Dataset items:
------------------------------------------------------------
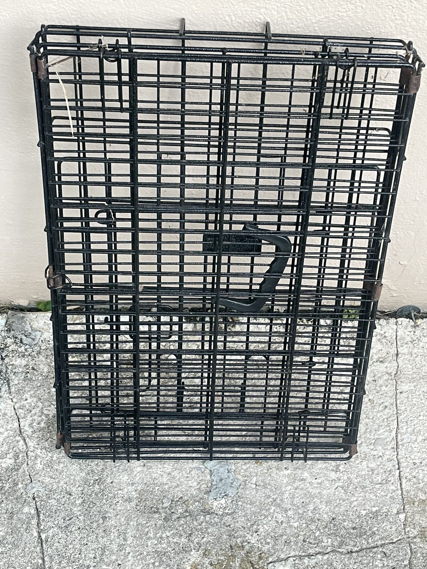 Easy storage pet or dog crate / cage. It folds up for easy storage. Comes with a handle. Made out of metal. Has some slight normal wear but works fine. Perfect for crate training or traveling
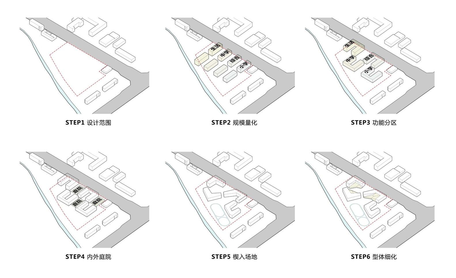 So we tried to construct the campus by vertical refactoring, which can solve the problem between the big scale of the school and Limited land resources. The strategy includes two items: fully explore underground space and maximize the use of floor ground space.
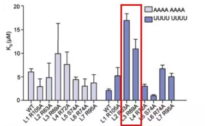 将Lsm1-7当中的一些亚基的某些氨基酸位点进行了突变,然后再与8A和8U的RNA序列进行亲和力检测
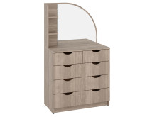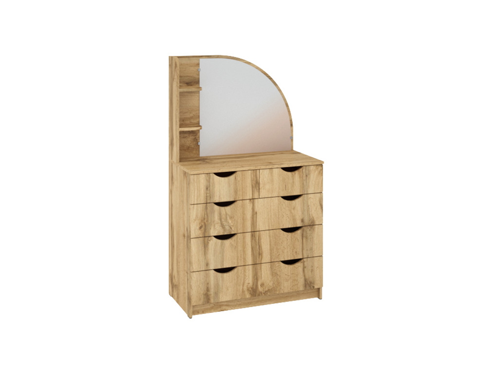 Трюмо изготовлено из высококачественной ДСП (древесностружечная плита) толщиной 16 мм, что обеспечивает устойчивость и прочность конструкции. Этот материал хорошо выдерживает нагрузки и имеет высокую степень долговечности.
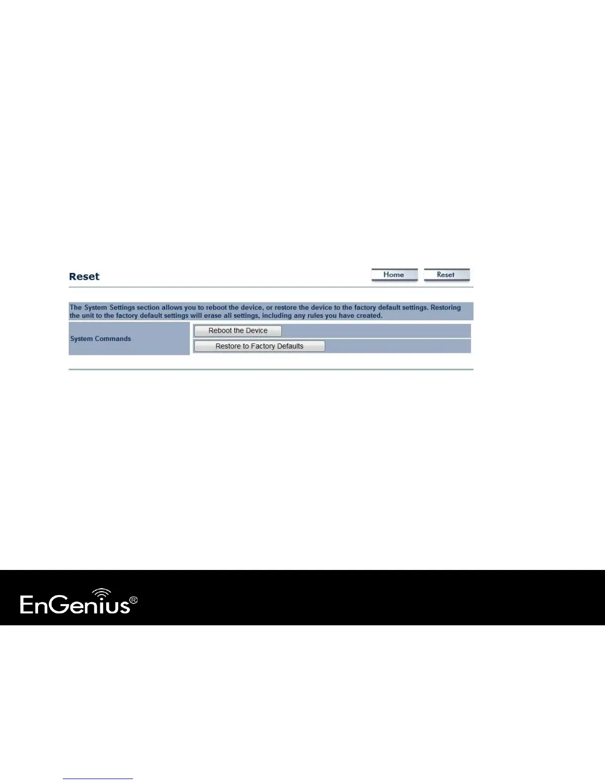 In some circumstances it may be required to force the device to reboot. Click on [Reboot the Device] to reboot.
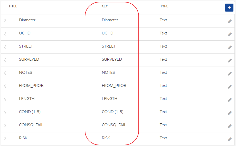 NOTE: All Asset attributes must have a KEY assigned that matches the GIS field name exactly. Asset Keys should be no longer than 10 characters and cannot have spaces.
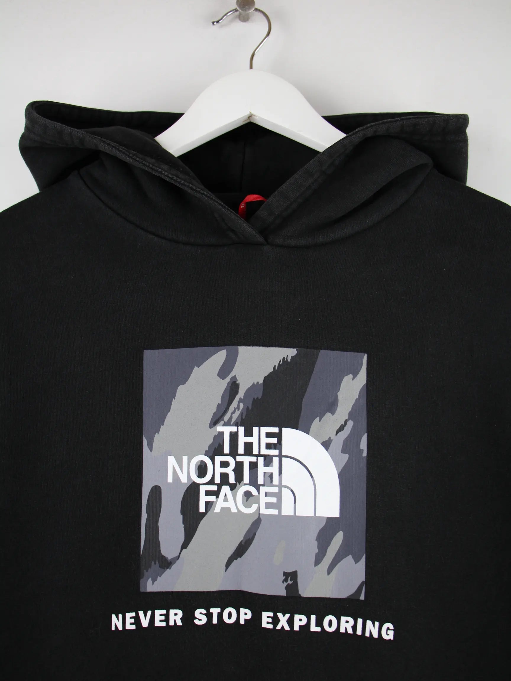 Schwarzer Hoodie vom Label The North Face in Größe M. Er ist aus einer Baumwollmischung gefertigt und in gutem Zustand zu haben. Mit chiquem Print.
------------------------------------------------------------
=== PROBLEM ===
Return the complete data unchanged and include none of the pictures.

=== RESULT OF THIS EXERCISE ===
 Easy storage pet or dog crate / cage. It folds up for easy storage. Comes with a handle. Made out of metal. Has some slight normal wear but works fine. Perfect for crate training or traveling
 So we tried to construct the campus by vertical refactoring, which can solve the problem between the big scale of the school and Limited land resources. The strategy includes two items: fully explore underground space and maximize the use of floor ground space.
 将Lsm1-7当中的一些亚基的某些氨基酸位点进行了突变,然后再与8A和8U的RNA序列进行亲和力检测
 Трюмо изготовлено из высококачественной ДСП (древесностружечная плита) толщиной 16 мм, что обеспечивает устойчивость и прочность конструкции. Этот материал хорошо выдерживает нагрузки и имеет высокую степень долговечности.
 In some circumstances it may be required to force the device to reboot. Click on [Reboot the Device] to reboot.
 NOTE: All Asset attributes must have a KEY assigned that matches the GIS field name exactly. Asset Keys should be no longer than 10 characters and cannot have spaces.
 Schwarzer Hoodie vom Label The North Face in Größe M. Er ist aus einer Baumwollmischung gefertigt und in gutem Zustand zu haben. Mit chiquem Print.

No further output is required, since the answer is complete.